Task to complete: From the first line of the material through the line that holds "och livets skörhet.", repeat each line exactly and skip any picture.

Start of Task inputs

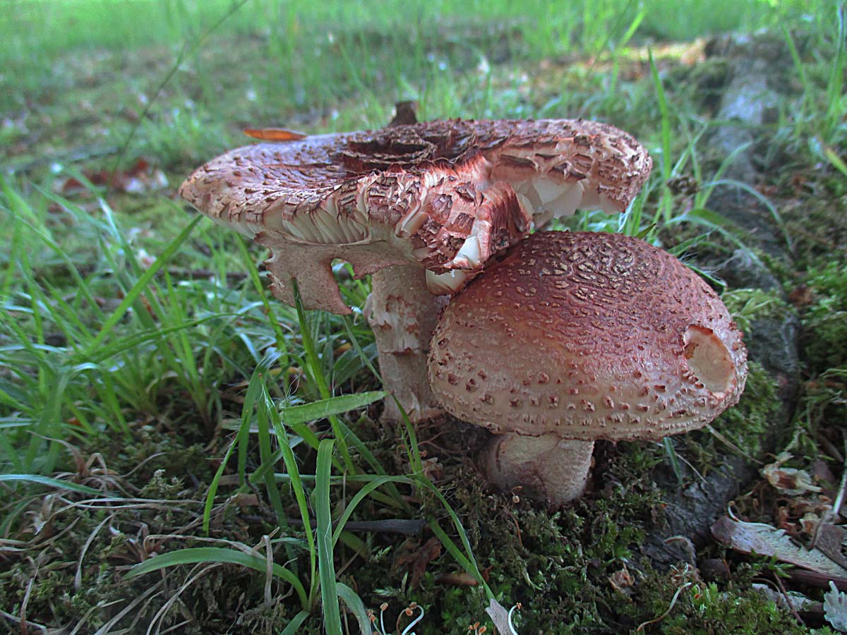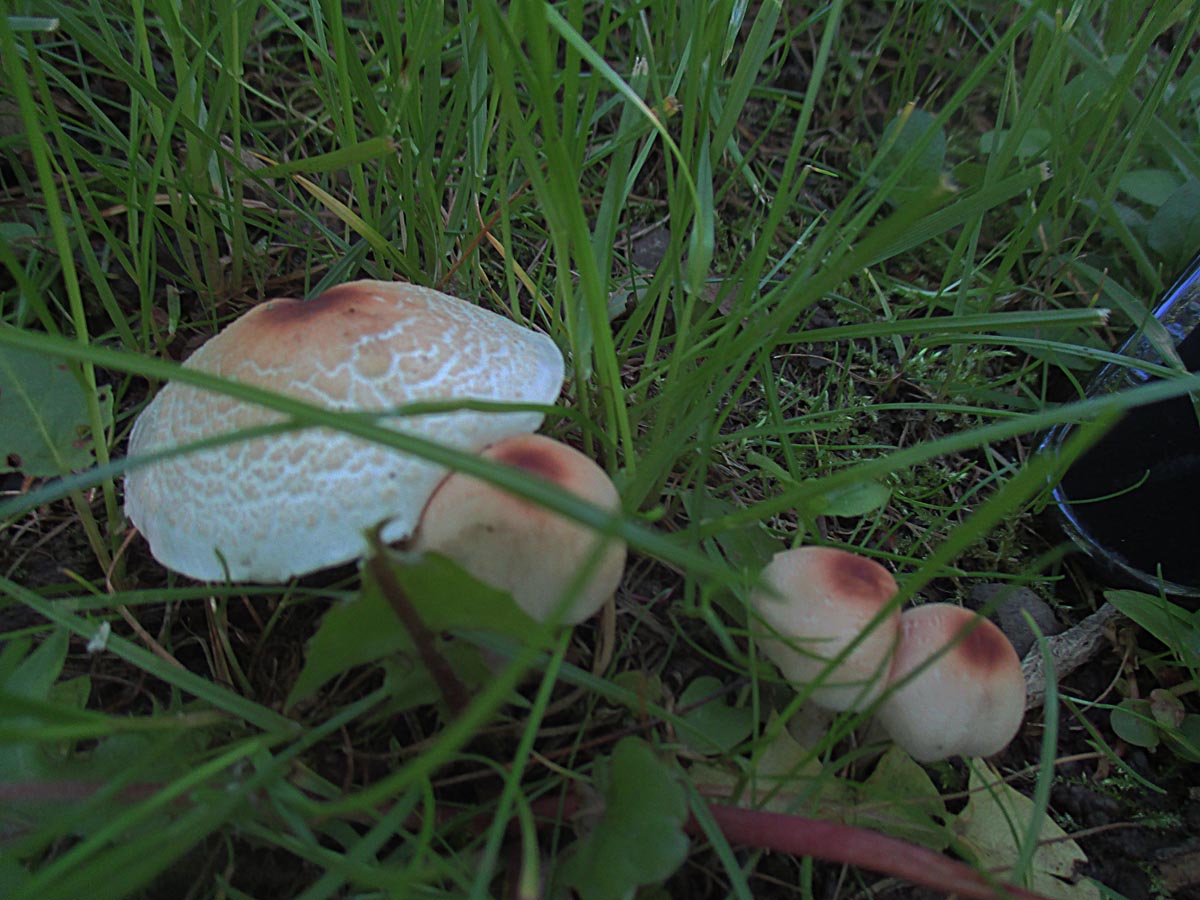 Dazu hatten sich auch noch ein paar Stinkschirmlinge (Lepiota cristata) auf die Rasenflächen verirrt.
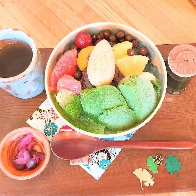 抹茶アイスは甘みが少なく抹茶の苦味が美味しい。手作りされている、優しい甘さのあんこにゴロゴロと大きめの寒天に白玉。フルーツもたくさん。
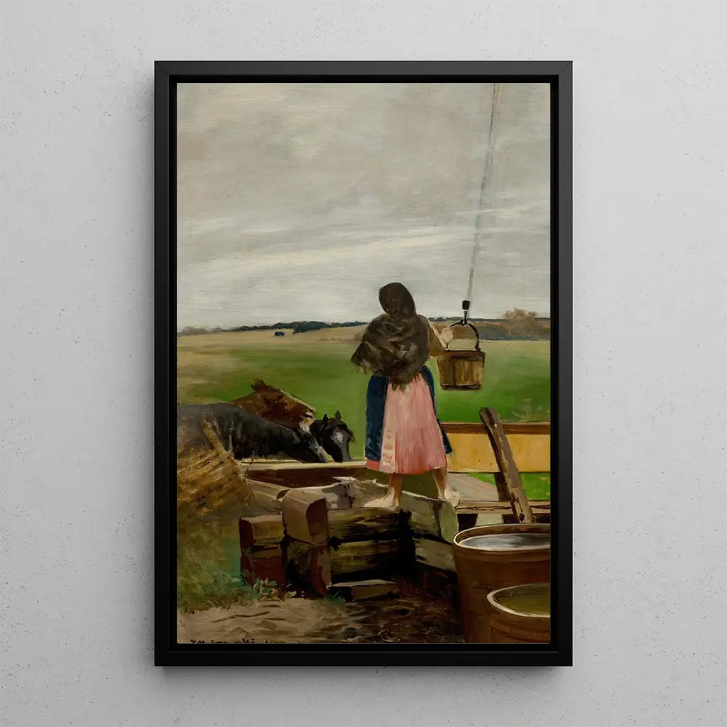 Konsttrycket av "Flicka vid en brunn" är ett charmigt tillskott till vilken inredning som helst, oavsett om det är i ett vardagsrum, ett kontor eller ett sovrum. Dess utskriftskvalitet och detaljrikedom garanterar en anmärkningsvärt trogen återgivning av originalverket, samtidigt som det tillför en touch av elegans och mildhet. Denna tavla, med sin delikata skildring av ungdom, inbjuder till drömmande reflektion och eftertanke, och skapar en lugn och inspirerande atmosfär. Genom att välja detta konsttryck berikar du din omgivning med ett konstverk som hyllar skönheten och livets skörhet.
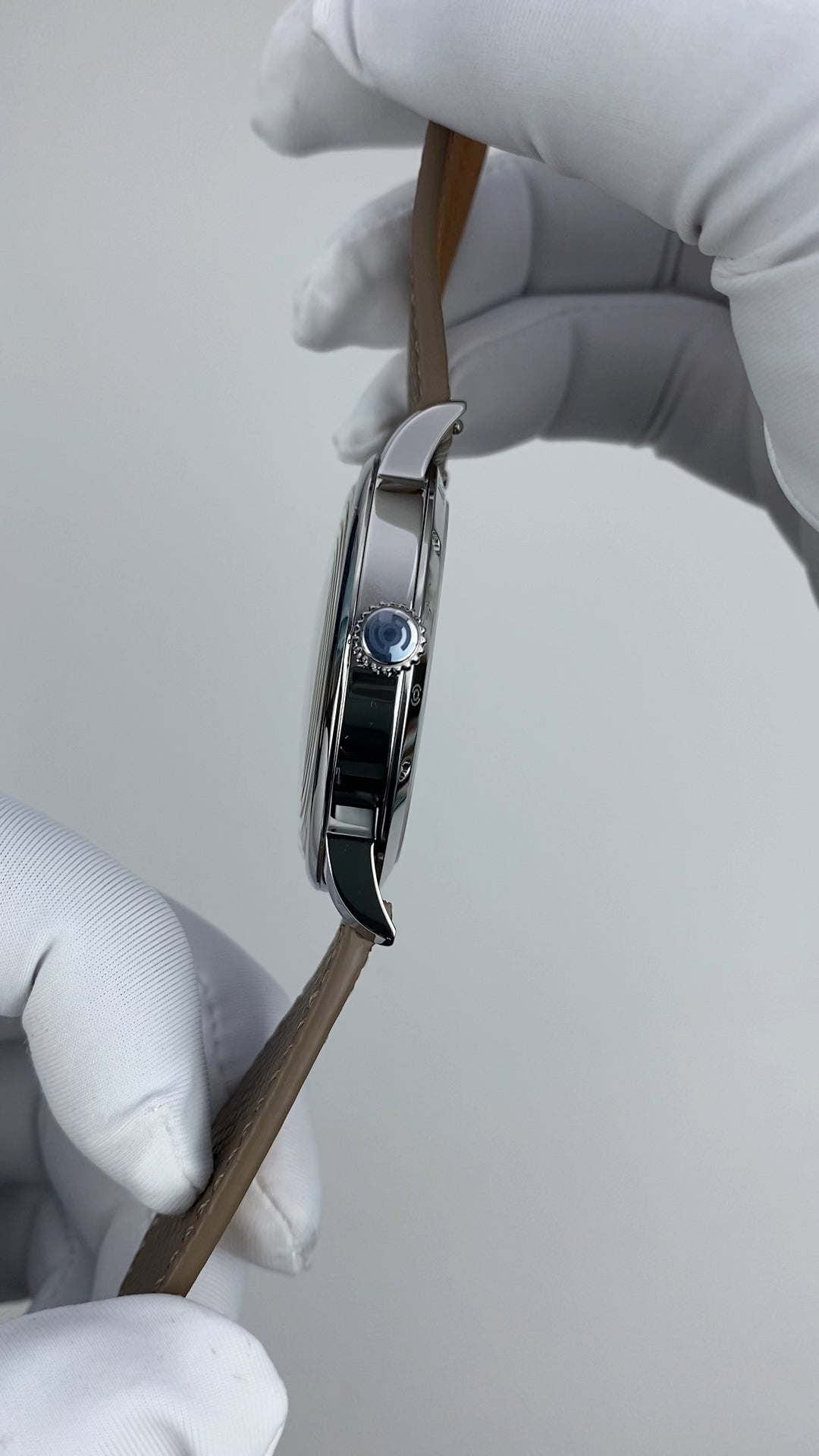 316L stainless steel. Diameter: 41 mm. Thickness: 10.4 mm. Lug width: 20.1 mm. Lug to lug: 48 mm. Water resistance: 50 meters. Weight: 79 grams (the whole watch including strap). Luminescence: Super-LumiNova luminescent material on hour and minute hands. Dial: White. Mother of pearl. Crystal: Sapphire crystal. Double domed. Has anti-reflective coating. AR coating position: Under side. Five layers of AR coating. Case back: Fixed with screws. Transparent. Sapphire crystal case back. Crown: Push-pull. Stainless steel crown. Signed with the Oriental Cherry brand logo. Crown diameter: 5.8 mm.
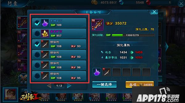 在左边区域确认想要消耗的材料,并打勾,然后点击“吞噬”按钮完成强化。当强化经验条满时,装备强化等级+1.
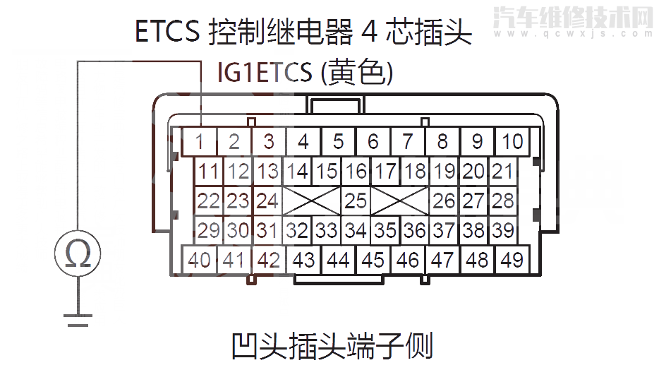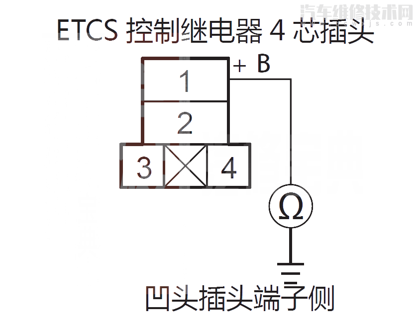 21 檢查ETCS控制繼電器4芯插頭1號端子與車身搭鐵線之間的導(dǎo)通性。
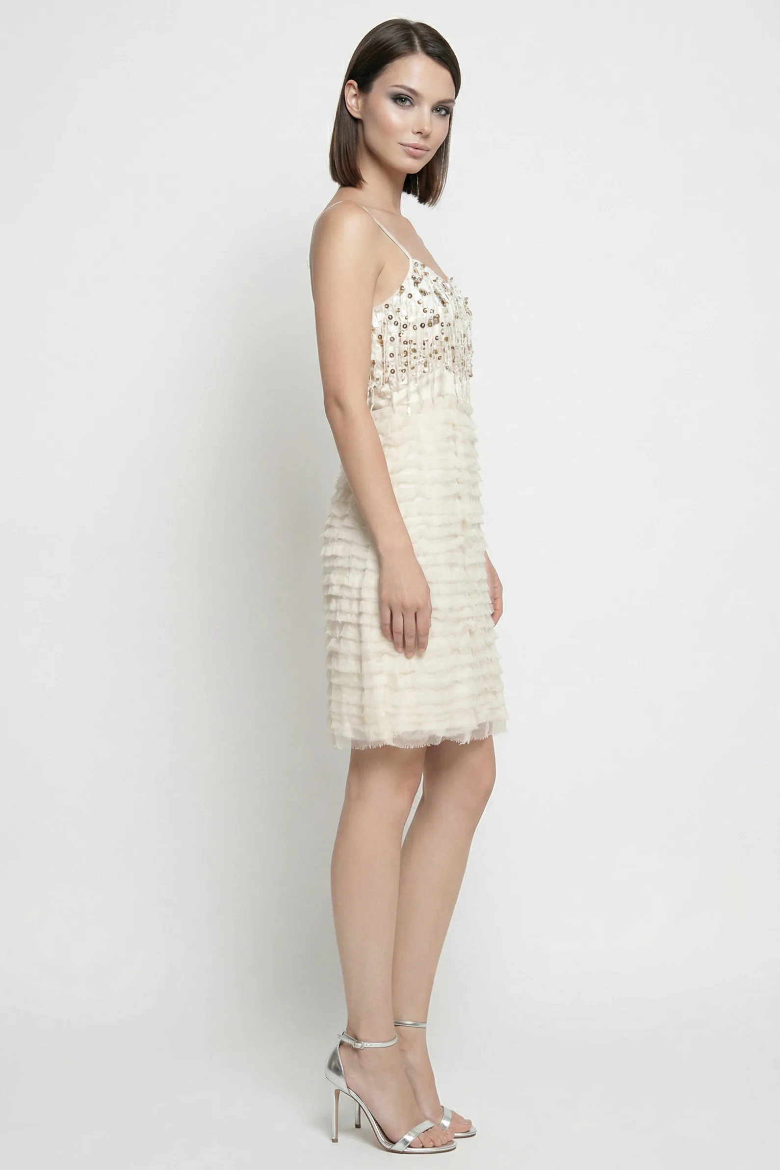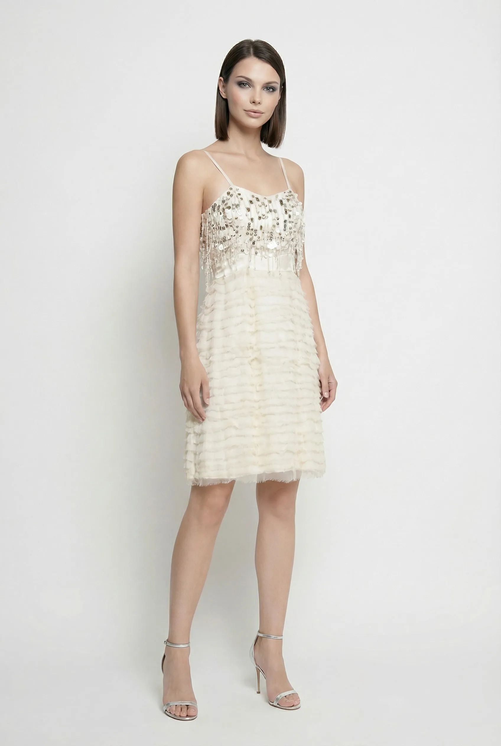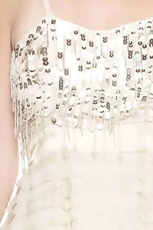 Esalta la tua eleganza con l’abito da cerimonia BLUGIRL by BLUMARINE in una raffinata tonalità avorio. Questo esclusivo modello smanicato si distingue per il corpetto ricamato a mano con strass e paillettes luminose e una gonna a balze orizzontali in viscosa, offrendo una vestibilità impeccabile per la taglia IT 42 (M).

End of Task inputs

Result of the exercise:
 Dazu hatten sich auch noch ein paar Stinkschirmlinge (Lepiota cristata) auf die Rasenflächen verirrt.
 抹茶アイスは甘みが少なく抹茶の苦味が美味しい。手作りされている、優しい甘さのあんこにゴロゴロと大きめの寒天に白玉。フルーツもたくさん。
 Konsttrycket av "Flicka vid en brunn" är ett charmigt tillskott till vilken inredning som helst, oavsett om det är i ett vardagsrum, ett kontor eller ett sovrum. Dess utskriftskvalitet och detaljrikedom garanterar en anmärkningsvärt trogen återgivning av originalverket, samtidigt som det tillför en touch av elegans och mildhet. Denna tavla, med sin delikata skildring av ungdom, inbjuder till drömmande reflektion och eftertanke, och skapar en lugn och inspirerande atmosfär. Genom att välja detta konsttryck berikar du din omgivning med ett konstverk som hyllar skönheten och livets skörhet.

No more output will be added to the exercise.